AIM OF THE EXERCISE
Pictures do not belong in the output. Reproduce exactly the lines from the start of the records through the line with "온라인 옥편 사이트에".
::: ENTRIES SUPPLIED :::
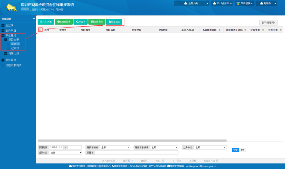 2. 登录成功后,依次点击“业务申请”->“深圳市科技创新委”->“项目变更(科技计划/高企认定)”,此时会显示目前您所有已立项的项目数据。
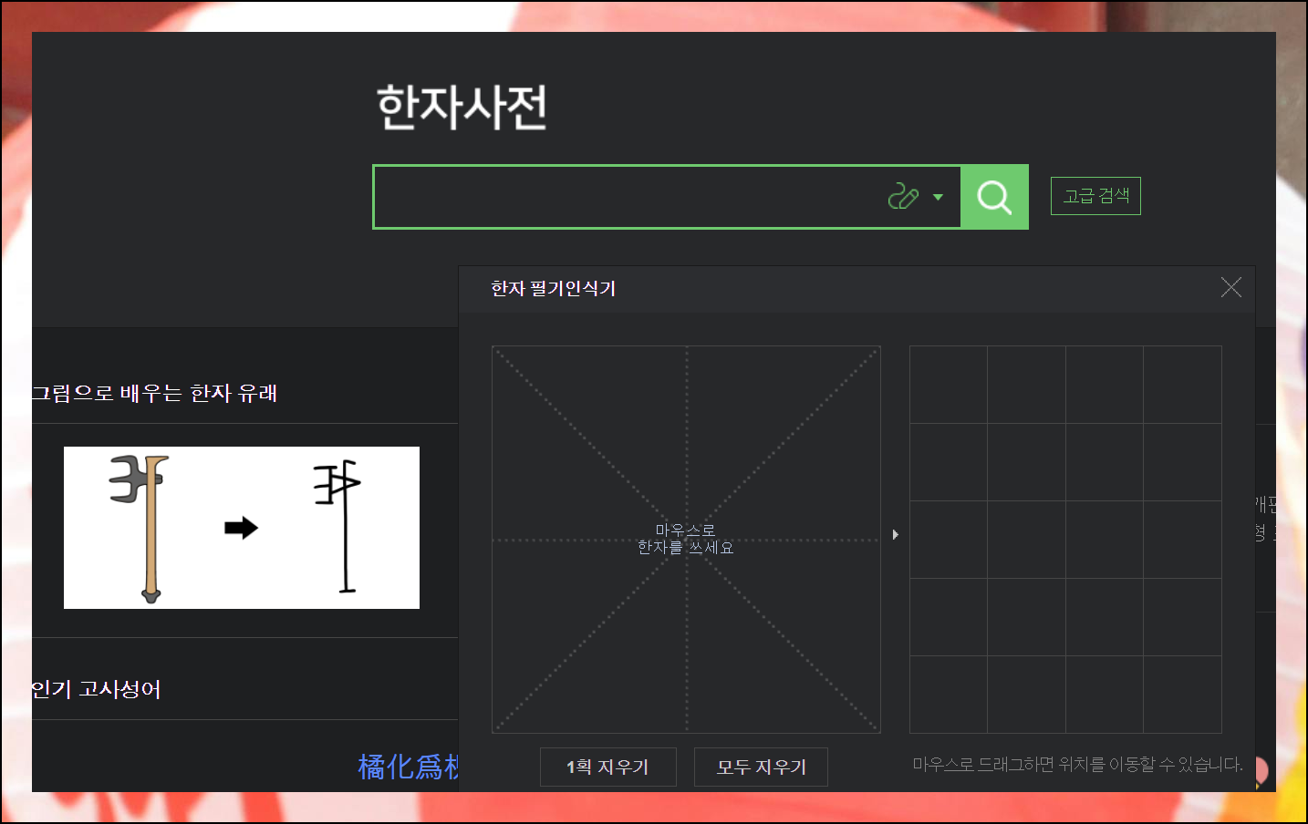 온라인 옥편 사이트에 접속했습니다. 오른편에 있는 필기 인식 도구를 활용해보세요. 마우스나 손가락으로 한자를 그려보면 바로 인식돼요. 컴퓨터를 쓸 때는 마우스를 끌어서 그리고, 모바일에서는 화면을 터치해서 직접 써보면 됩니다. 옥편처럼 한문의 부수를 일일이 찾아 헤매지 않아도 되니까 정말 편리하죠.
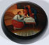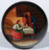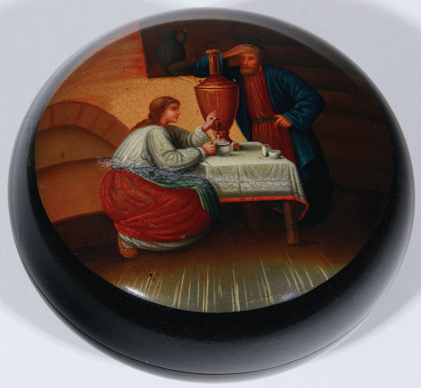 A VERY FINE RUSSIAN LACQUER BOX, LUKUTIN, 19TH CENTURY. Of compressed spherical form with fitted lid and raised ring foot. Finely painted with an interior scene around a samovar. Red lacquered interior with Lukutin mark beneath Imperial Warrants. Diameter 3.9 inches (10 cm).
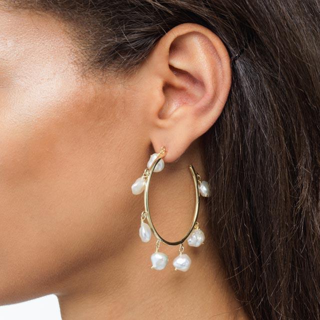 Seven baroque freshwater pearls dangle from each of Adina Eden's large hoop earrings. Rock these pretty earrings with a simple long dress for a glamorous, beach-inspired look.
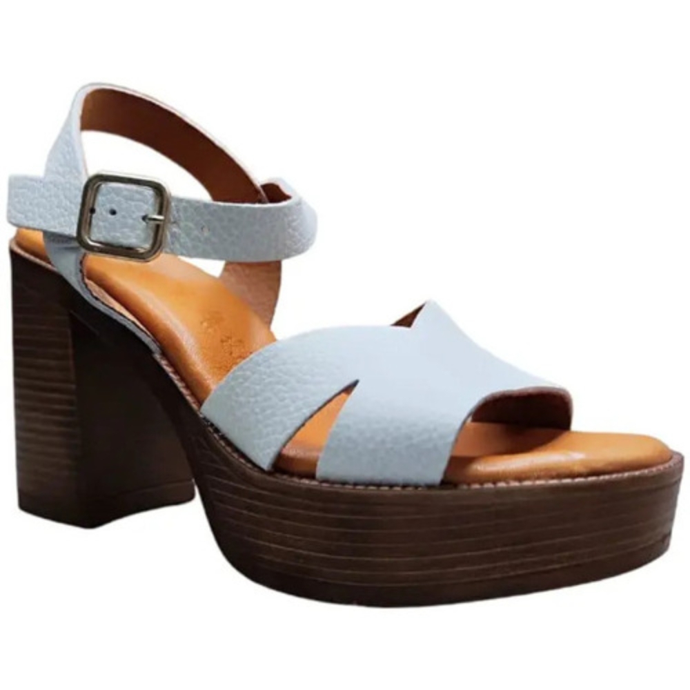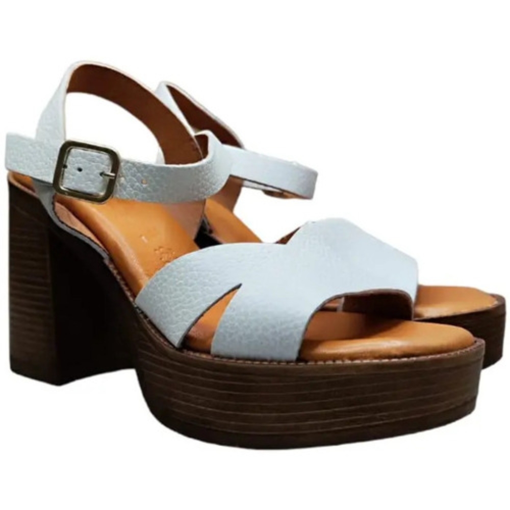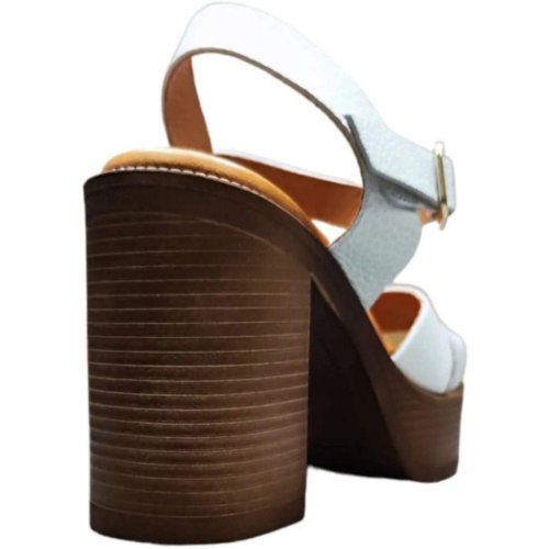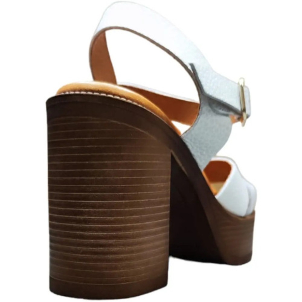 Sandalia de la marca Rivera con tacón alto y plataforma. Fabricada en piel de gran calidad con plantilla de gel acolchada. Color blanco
:::
EXERCISE OUTPUT
 2. 登录成功后,依次点击“业务申请”->“深圳市科技创新委”->“项目变更(科技计划/高企认定)”,此时会显示目前您所有已立项的项目数据。
 온라인 옥편 사이트에 접속했습니다. 오른편에 있는 필기 인식 도구를 활용해보세요. 마우스나 손가락으로 한자를 그려보면 바로 인식돼요. 컴퓨터를 쓸 때는 마우스를 끌어서 그리고, 모바일에서는 화면을 터치해서 직접 써보면 됩니다. 옥편처럼 한문의 부수를 일일이 찾아 헤매지 않아도 되니까 정말 편리하죠.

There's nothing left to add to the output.